The International Monetary Fund (IMF) has sparked global debate over the era of retirement.
Their argument is that ’70 is the new 50′ due to improved health and cognitive abilities in older people. In its report, “Rise of the Silver Economy,” the IMF emphasizes that in 2022 people aged 70 exhibit the same cognitive function as the average age of 53 in 2000, based on a survey of 1 million people from 41 countries. Memory, orientation and basic mathematics tests, along with physical assessments of grip strength and lung function, show that the average 70-year-old 25 years ago matches the fitness of a 56-year-old today.
The IMF’s push to raise retirement age comes from tensions over the sustainability of current pension schemes, as rising life expectancy and lower birth rates are changing economic models. These trends can hinder economic growth by increasing the number of non-workers in the dependency rate or population, reducing participation in the labour market.
Spain’s retirement age currently ranges from 65 to 67, depending on the amount of contributions from Social Security contributions, suggesting that the IMF will not only delay retirement, but also extend the pension calculation period beyond the current 29 years. This could incorporate a lower earning year and reduce pension payments.
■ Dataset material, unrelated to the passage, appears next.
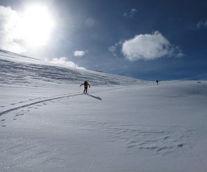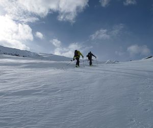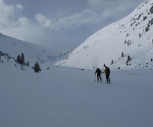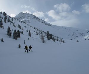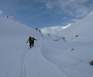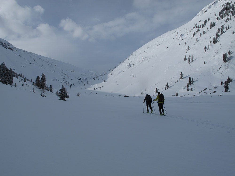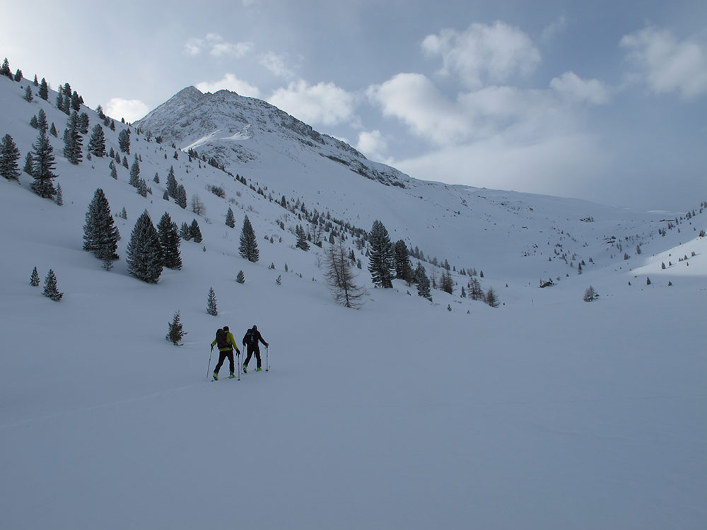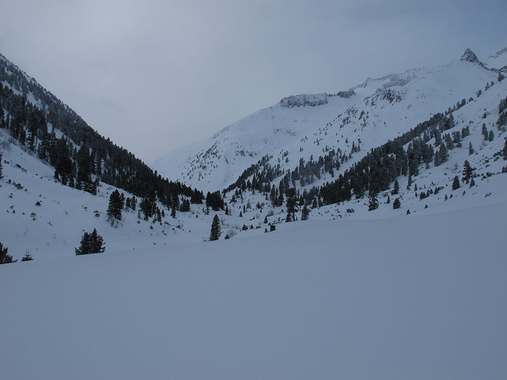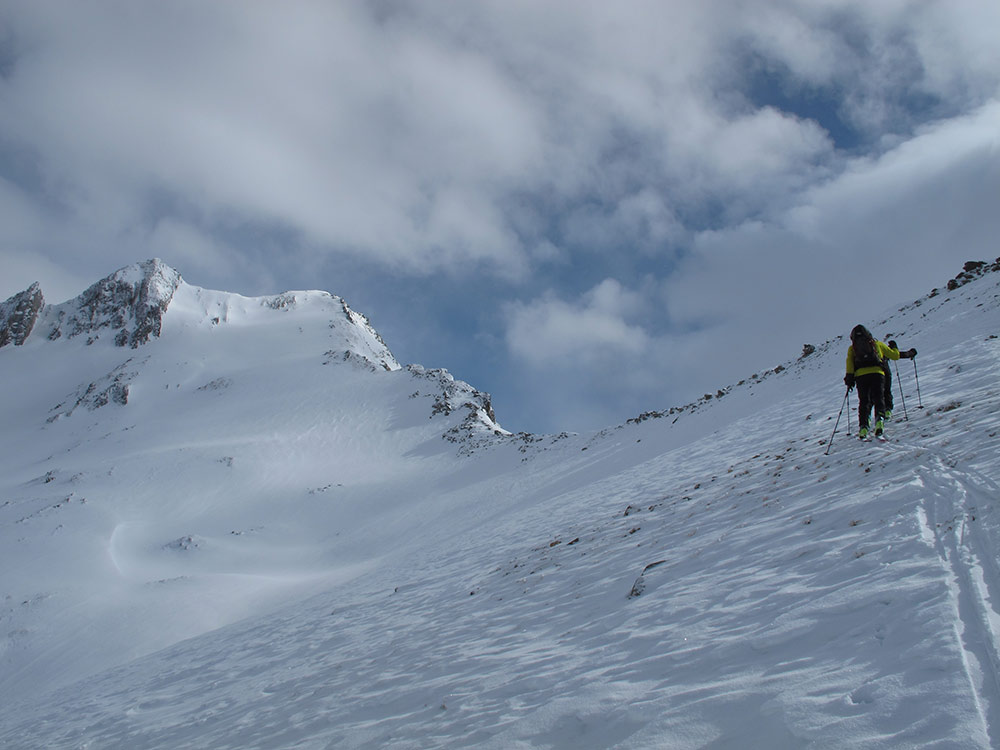 1. Man durchquert den grossen Talboden und steigt wie im Sommer in Richtung Pfitscherjochhaus auf, hier kann man dann im Bereich der Zollhütte nach links schwenken und dann in Richtung Gipfel aufsteigen, es finden sich immer mässig steile Hänge für einen sicheren Aufstieg bis unter den Gipfelhang, bei guten Verhätnissen kann der steile Gipfelaufbau direkt mit Schi gemacht werden, anonsten muss zu Fuß über den Grat augesteigen werden. Achtung das letzte Stück muss durch die Flanke gestapft werden, hier kann man nicht auf den Grat ausweichen.

The IMF proposal will be implemented in line with warnings from the Spanish Independent Authority (AIREF) that predicts pension expenditures will reach 5.6% of GDP in 2025. The “alternative effect” is expected to exceed 200 million euros, as new pensioners receive higher profits than existing systems to die. In March 2025, Spain’s social security system spent 1349.2 billion euros on pensions, up 6.3% from the previous year, stretching finances and leading a future where retirement could be delayed and lawful.
While promoting longer working lives, the IMF is encouraging people to tilt their hats to Spanish recent initiatives and delay their retirement. Alternatively, the IMF suggests that employment rates need to be strengthened through modernized job brokerage services, public-private partnerships, and policies that allow unemployed people to work temporarily while receiving benefits. The IMF argues that the measure can improve labor supply and stability in the national economy as a form of addressing the challenges of the aging “silver economy.”